## MATERIAL SHOWN
· · · · · · ·

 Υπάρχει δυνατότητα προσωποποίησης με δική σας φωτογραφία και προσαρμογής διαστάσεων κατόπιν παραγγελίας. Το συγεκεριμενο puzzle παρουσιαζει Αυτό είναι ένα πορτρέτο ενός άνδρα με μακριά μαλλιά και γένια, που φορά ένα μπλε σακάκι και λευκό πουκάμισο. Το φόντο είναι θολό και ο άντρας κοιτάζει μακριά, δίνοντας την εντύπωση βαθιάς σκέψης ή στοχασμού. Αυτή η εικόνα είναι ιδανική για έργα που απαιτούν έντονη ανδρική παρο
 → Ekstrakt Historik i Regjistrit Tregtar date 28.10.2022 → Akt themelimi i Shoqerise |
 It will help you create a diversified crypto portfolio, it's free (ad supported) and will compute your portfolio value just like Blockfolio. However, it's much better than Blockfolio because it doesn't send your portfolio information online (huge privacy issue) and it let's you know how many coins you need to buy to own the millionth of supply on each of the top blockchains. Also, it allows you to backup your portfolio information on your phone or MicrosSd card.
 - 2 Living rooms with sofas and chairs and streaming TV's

· · · · · · ·

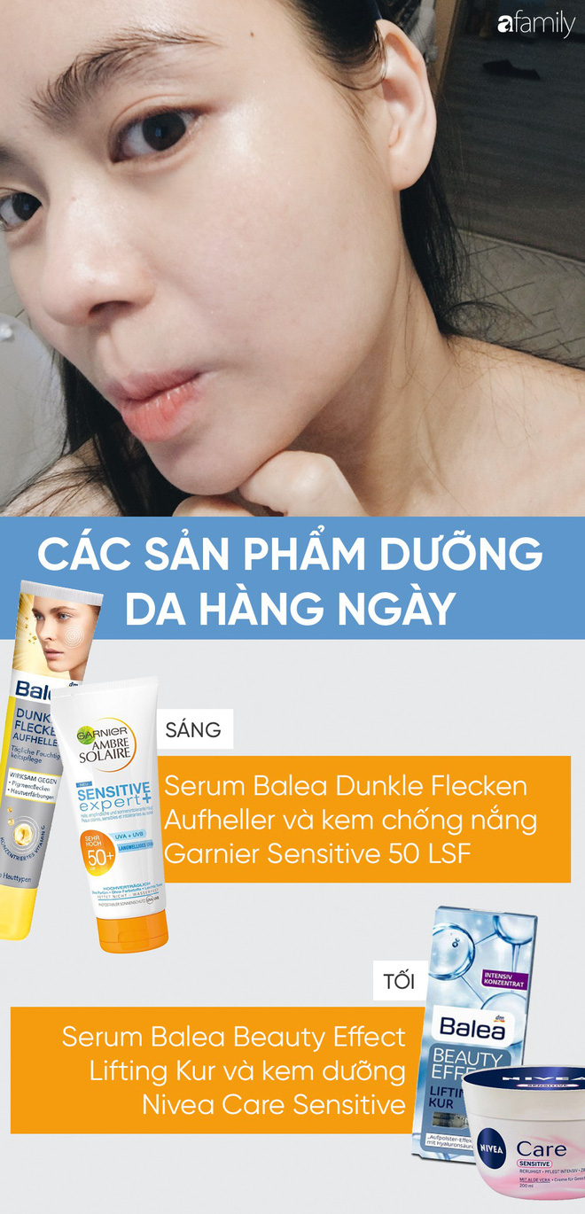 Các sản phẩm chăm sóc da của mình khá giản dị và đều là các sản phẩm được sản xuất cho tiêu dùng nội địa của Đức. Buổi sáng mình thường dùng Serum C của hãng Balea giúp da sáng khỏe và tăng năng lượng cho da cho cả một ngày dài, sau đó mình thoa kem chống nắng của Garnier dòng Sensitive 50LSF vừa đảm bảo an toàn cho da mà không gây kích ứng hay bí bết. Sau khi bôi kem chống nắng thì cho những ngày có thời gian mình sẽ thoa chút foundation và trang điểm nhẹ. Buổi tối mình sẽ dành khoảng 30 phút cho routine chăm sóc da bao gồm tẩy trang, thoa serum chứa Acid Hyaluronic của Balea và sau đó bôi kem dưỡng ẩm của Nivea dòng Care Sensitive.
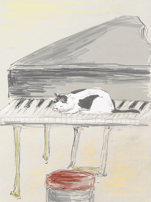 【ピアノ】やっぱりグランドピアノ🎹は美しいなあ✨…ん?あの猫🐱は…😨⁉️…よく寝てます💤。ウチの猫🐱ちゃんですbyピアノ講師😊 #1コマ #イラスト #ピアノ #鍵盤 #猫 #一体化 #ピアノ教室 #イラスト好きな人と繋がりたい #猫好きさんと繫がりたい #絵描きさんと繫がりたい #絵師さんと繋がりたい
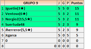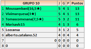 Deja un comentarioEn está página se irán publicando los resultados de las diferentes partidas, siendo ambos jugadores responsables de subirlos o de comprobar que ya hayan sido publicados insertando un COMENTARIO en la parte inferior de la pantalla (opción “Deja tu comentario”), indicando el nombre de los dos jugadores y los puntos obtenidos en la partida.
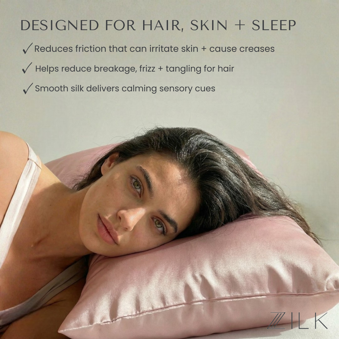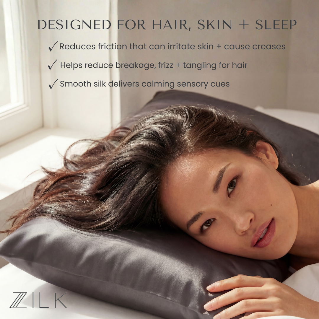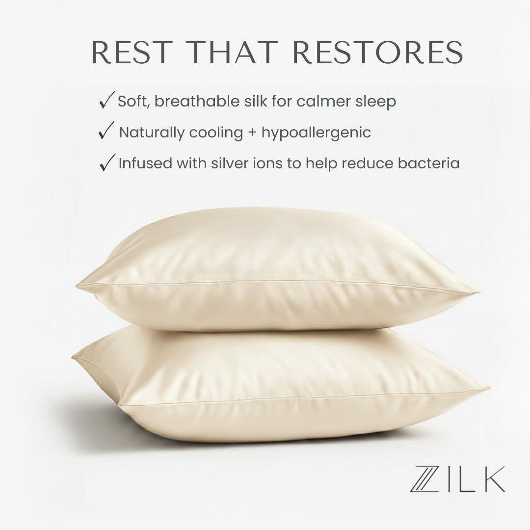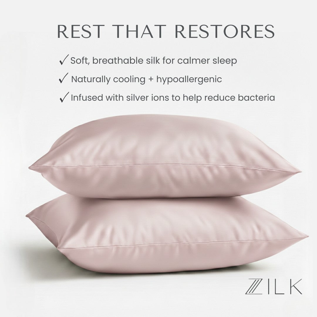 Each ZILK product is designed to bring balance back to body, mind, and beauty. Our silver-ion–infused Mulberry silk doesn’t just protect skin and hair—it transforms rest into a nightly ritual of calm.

· · · · · · ·

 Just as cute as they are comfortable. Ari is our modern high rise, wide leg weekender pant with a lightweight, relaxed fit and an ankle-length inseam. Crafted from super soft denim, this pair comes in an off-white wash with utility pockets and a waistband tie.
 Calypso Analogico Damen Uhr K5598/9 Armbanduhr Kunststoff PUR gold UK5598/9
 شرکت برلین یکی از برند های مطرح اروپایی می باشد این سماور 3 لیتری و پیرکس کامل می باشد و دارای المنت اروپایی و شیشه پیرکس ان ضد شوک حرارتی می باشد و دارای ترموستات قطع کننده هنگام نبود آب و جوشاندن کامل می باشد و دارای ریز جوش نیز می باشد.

· · · · · · ·

## WHAT THE EXERCISE ASKS
Check each line of the records above for "with", and copy those that have it.

## ANSWER SPACE
 - 2 Living rooms with sofas and chairs and streaming TV's
 Just as cute as they are comfortable. Ari is our modern high rise, wide leg weekender pant with a lightweight, relaxed fit and an ankle-length inseam. Crafted from super soft denim, this pair comes in an off-white wash with utility pockets and a waistband tie.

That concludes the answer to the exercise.